Oil prices extended their losses and sunk to fresh four-year lows on Thursday as expectations of a cut in OPEC oil production faded following the Saudi Arabian oil minister’s comments Wednesday.
On the New York Mercantile Exchange, light, sweet crude futures for delivery in January traded at $72.22 a barrel, down $1.47, or 2% in the Globex electronic session. January Brent crude LCOF5, -2.37% on London’s ICE Futures exchange fell $1.92, or 2.5%, to $75.83 a barrel.
The Organization of the Petroleum Exporting Countries meets in Vienna within a few hours to decide whether its members will cut production to remove some of the glut in supply in global markets and boost oil prices.
The 12-member oil cartel typically steps in to adjust output when prices move sharply due to excess or insufficient supply. It currently has an oil production ceiling of 30 million barrels a day and has been producing in excess of this level in recent months. Read: A brief, wondrous history of OPEC landmark events
Crude-oil prices have plummeted this year, losing almost 30% of their value since June, mainly due to rising U.S. oil production driven by the shale boom and slowing demand growth in Asia and Europe.
Analysts say that OPEC will need to cut oil production much lower than its current ceiling for prices to make a significant recovery. Today’s OPEC meeting and any decision on production cuts is likely to set the tone for oil prices for the next few months and well into 2015.
Forget about an OPEC cut: On Wednesday, Saudi Oil Minister Ali al-Naimi said he expects the market “to stabilize itself eventually,” hinting he wouldn’t push for a cut in OPEC’s production targets.
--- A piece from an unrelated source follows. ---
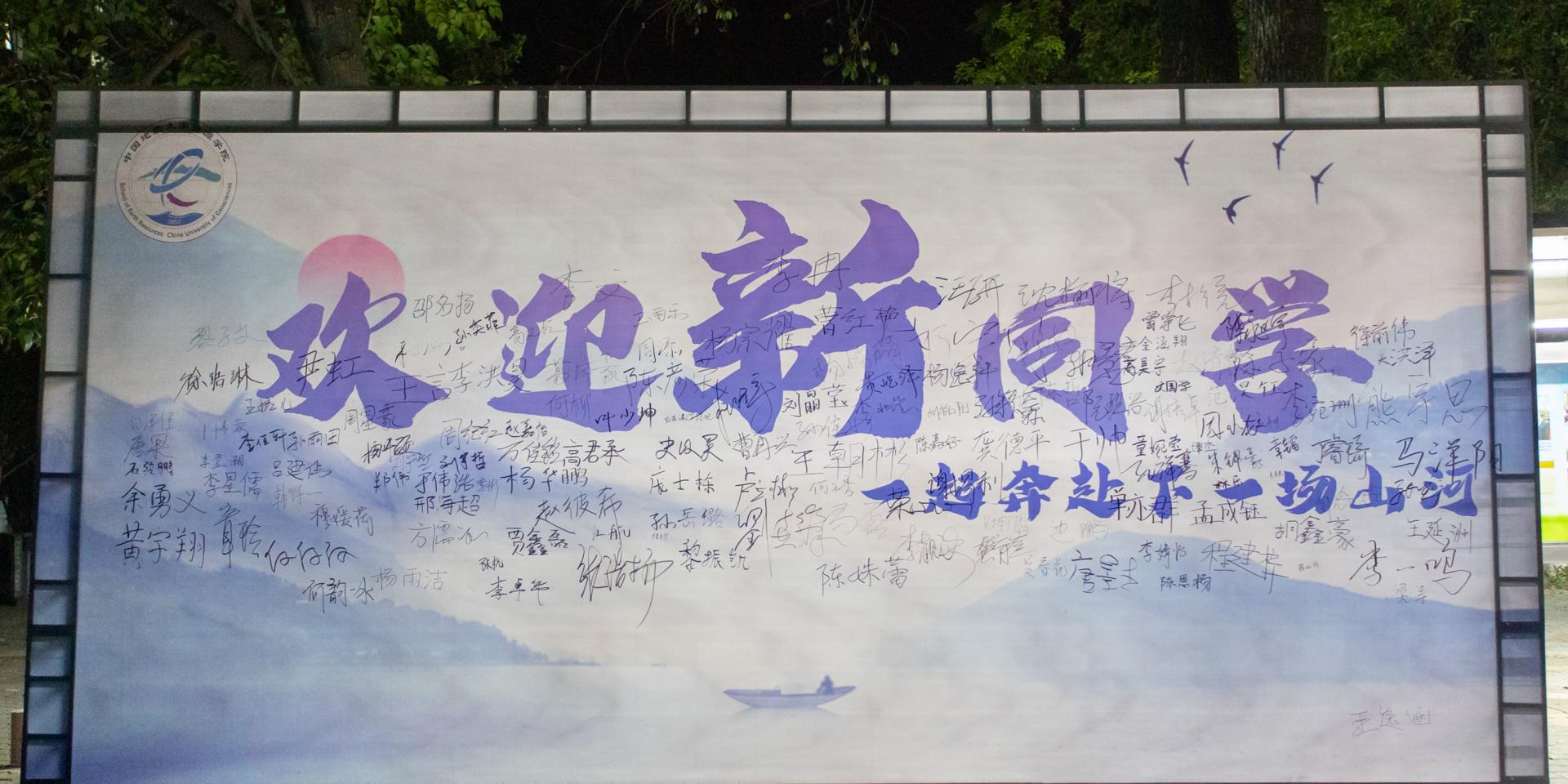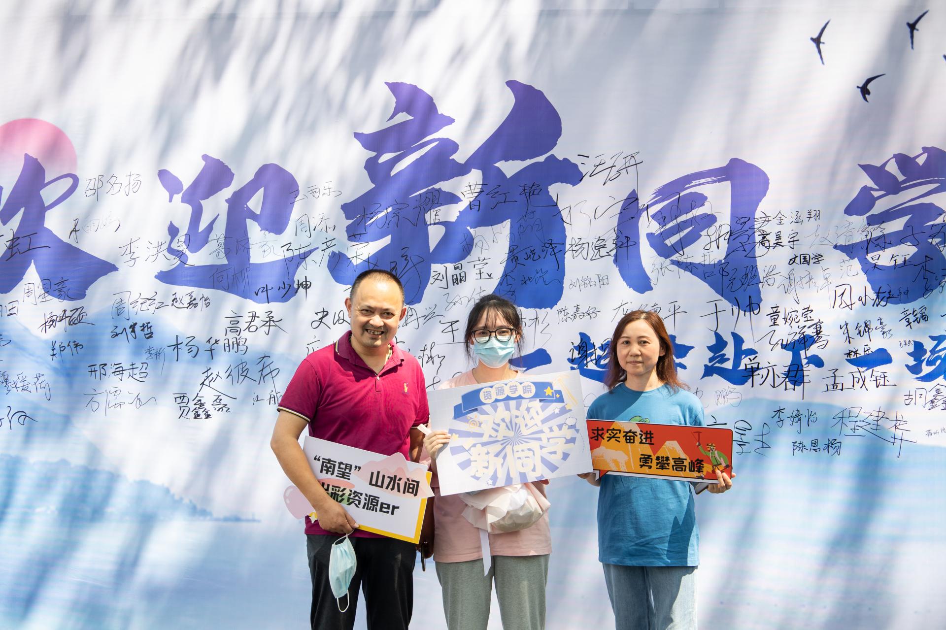 迎着朝阳,第一位同学在签名墙上留下了他的名字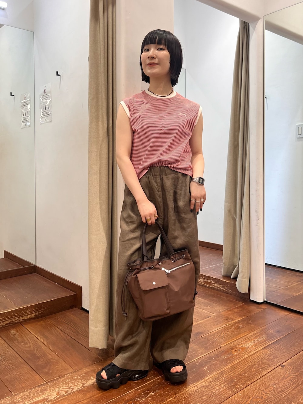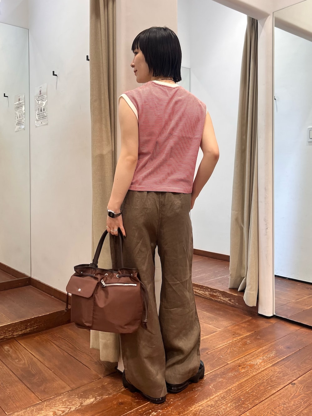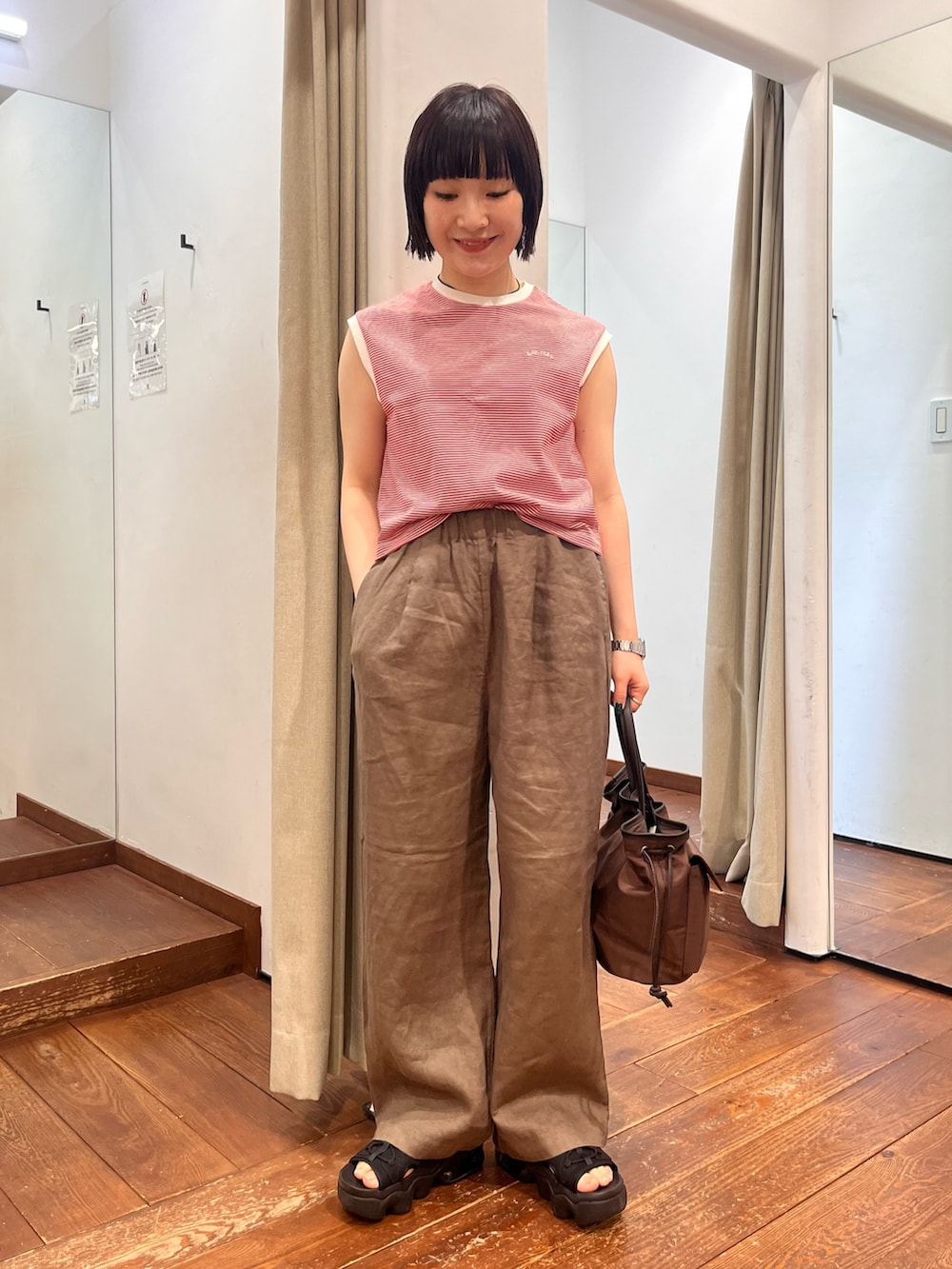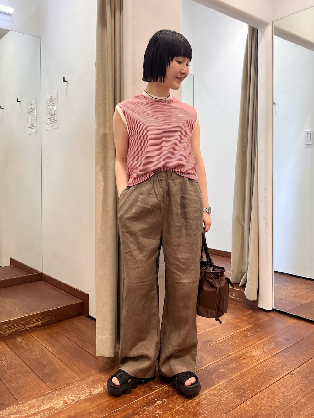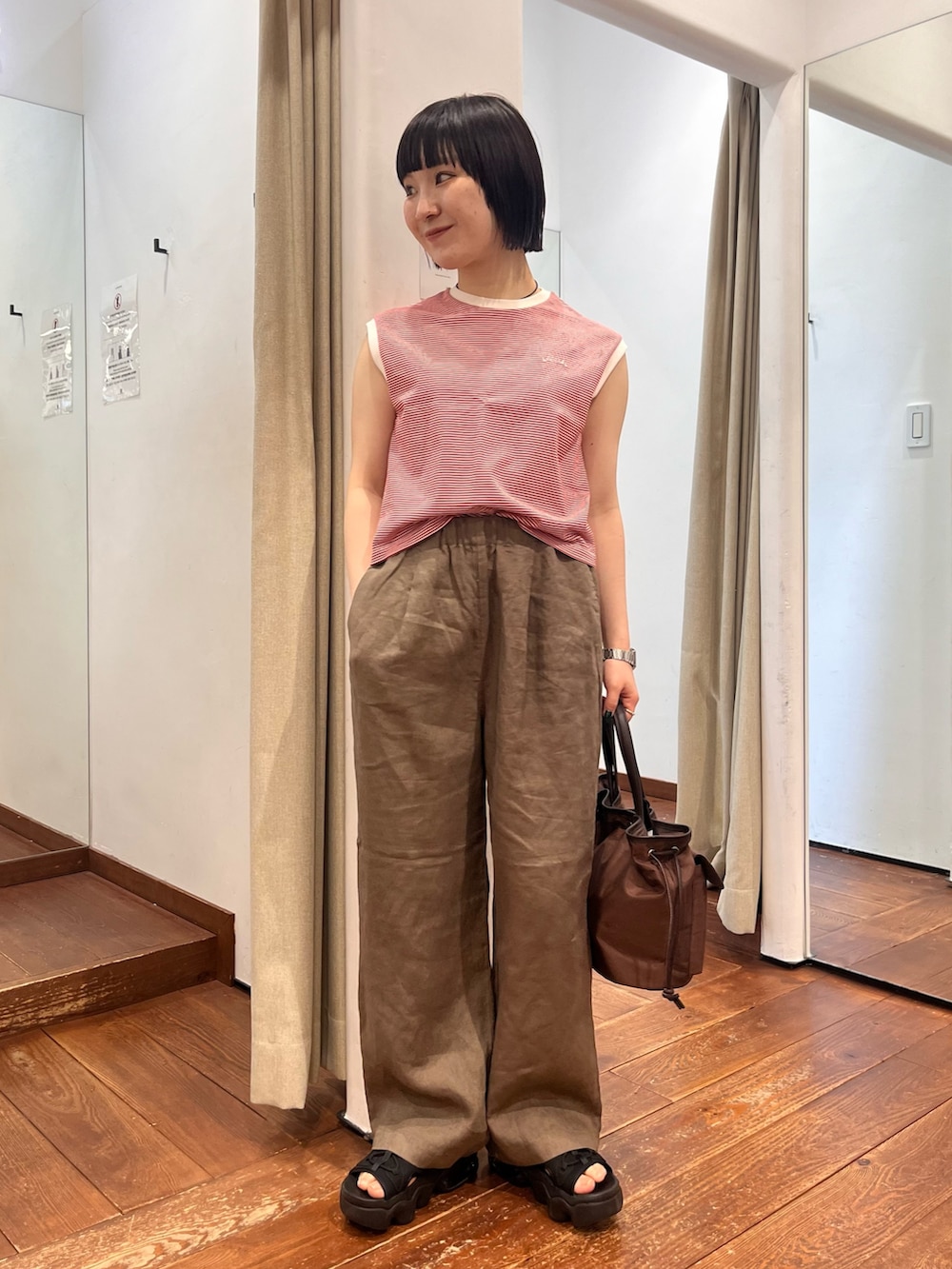 リネン100%の風合いが、一気に夏を思わせてくれる涼しげなパンツ。程よいボリューム感はありますがストンと落ちてくれるシルエットでラフすぎず抜け感抜群です。

“This is a very clear indication that the Saudis and OPEC will do nothing at the meeting … It is not 100% rock solid or set in stone, but it is a very clear signal,” Michael Wittner, head of oil market research at Societe Generale said. His bearish price forecasts are for $70 Brent and $65 WTI for the next two years.
Some other analysts agreed that OPEC is unlikely to cut production levels now.
“The two most likely outcomes in our view are either a very moderate production cut or none at all,” Stefan Graber, commodity strategist at Credit Suisse said in a report.
It is difficult to gauge how low oil prices will go today, but a range of $70-$72.16 for Nymex crude and $74.59-$76.75 for Brent crude is expected, analyst Daniel Ang at Phillip Futures said.
Nymex reformulated gasoline blendstock for December RBZ4, -1.89% –the benchmark gasoline contract–fell 2.3% to $1.9885 a gallon, while December diesel traded at $2.3702, 263 points lower.
ICE gasoil for December changed hands at $680.25 a metric ton, down $14.50 from Wednesday’s settlement.